The Caribbean has a va­ri­ety of re­li­gions with Chris­tian­ity be­ing the most dom­i­nant.

There are es­tab­lished churches: Angli­can, Catholic, Bap­tist, Pres­by­te­rian, etc.

There are those churches that are syn­cretic in na­ture. These churches are a mix of Euro­pean and African prac­tices to cre­ate new forms of wor­ship. Ex­am­ples of these are the Shouter Bap­tists of Trinidad, New Tes­ta­ment Church of God, Re­vival­ists, etc.

Syn­cretism of re­li­gious forms in the Caribbean dis­plays el­e­ments of re­sis­tance, in­de­pen­dence and a deep ap­pre­ci­a­tion of the divine. Syn­cretic re­li­gions, there­fore, help to com­fort the wor­ship­per and op­pose main­stream val­ues, thus seek­ing to un­der­mine the sta­tus quo. How­ever, these re­li­gions do not have a ma­jor­ity fol­low­ing yet. Their value sys­tems are not dom­i­nant in the so­cial in­sti­tu­tion of re­li­gion. Over­all, the func­tion­al­ist ideas of re­li­gion, and how it im­pacts our lives, tend to dom­i­nate. Many forms of syn­cretic re­li­gions in the Caribbean at­test to the de­sire of Caribbean peo­ple to not only fash­ion be­liefs and wor­ship so that they can find so­lace and com­fort but, in so do­ing, to re­sist tra­di­tional in­sti­tu­tional val­ues


Re­li­gion im­pacts our lives as a con­ser­va­tive force as­so­ci­ated largely with pos­i­tive val­ues. More­over, Chris­tian re­li­gion is le­git­imized by the val­ues in the so­cial in­sti­tu­tion of re­li­gion more than any other form of wor­ship. Chris­tian wor­ship, then, has his­tor­i­cally been as­so­ci­ated with pre­serv­ing the so­cial life per the norms and cus­toms of Euro­pean and Caribbean peo­ple who have ac­cepted those val­ues.

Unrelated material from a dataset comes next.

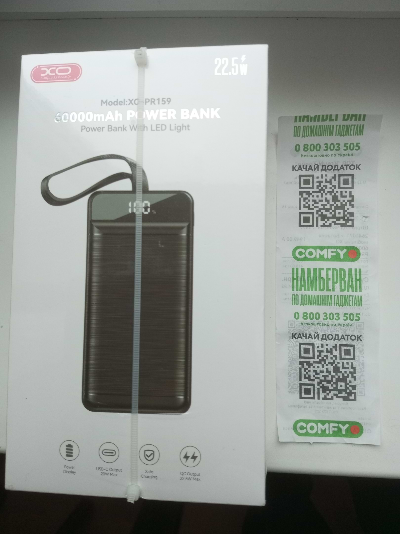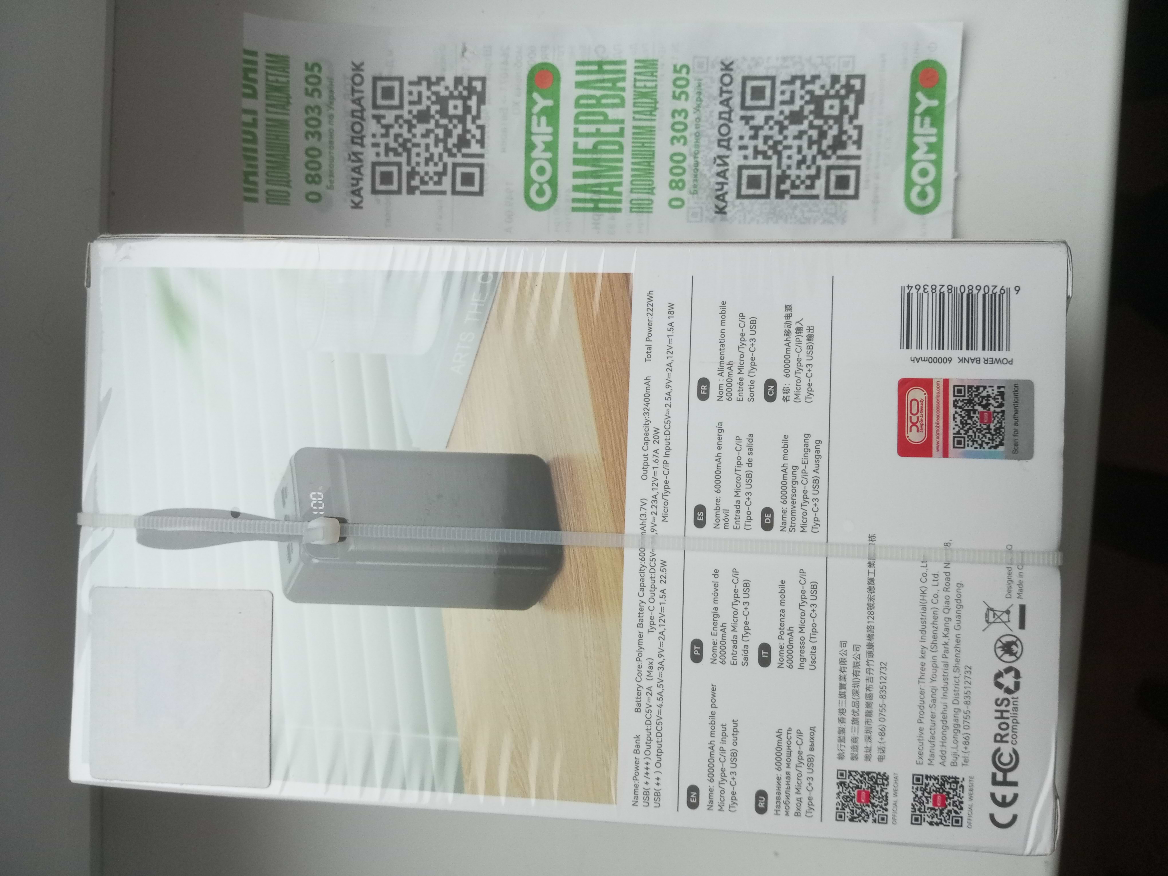 Нормальний повербанк по хорошій ціні. З коробки заряд становив 79%. Запакований якісно. Інструкції як такової немає на Українській мові, тільки на англійській і китайській. Я його купив із-за ліхтарика, який до речі непогано світить, але не дуже яскраво, як каганець або нічник цілком підійде для дому та квартири, щоб вночі в темряві не натикатися на різні предмети. Важкенький - 1,3 кг. Велика ємність 60 тисяч мАг, потужність 22,5 ватт. 6 роз'ємів має, з них три USB. Як покаже себе в роботі, побачимо. Зразу поставив на ніч на зарядку. Цілком достойний повербанк. Зробіть собі невеличкий подарунок в наші сірі, темні вечори без світла.
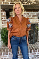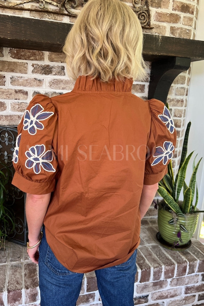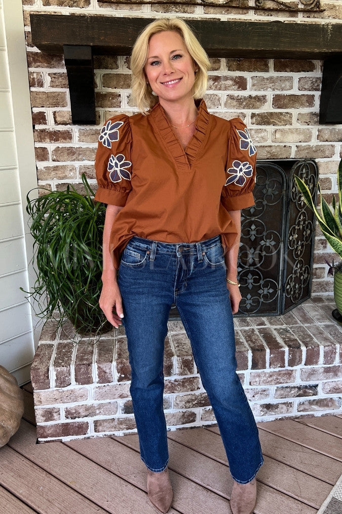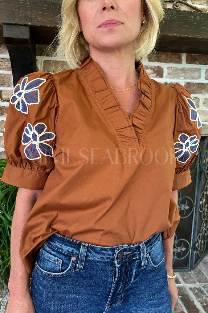 The Jaylani top is pure fun with its solid ruffle-accented V-neck that flirts with every move. Charming floral embroidered applique decorates the short puff sleeves, making this playful piece perfect for brightening up any day with a touch of whimsy and style.

Marx­ists, on the other hand, choose to dis­rupt the pos­i­tive mes­sages as­so­ci­ated with re­li­gion. They be­lieve re­li­gion has “hood­winked” the masses into be­liev­ing that they can find peace and com­fort through wor­ship. Syn­cretism of re­li­gious forms in the Caribbean dis­plays el­e­ments of re­sis­tance, in­de­pen­dence and a deep ap­pre­ci­a­tion of the divine.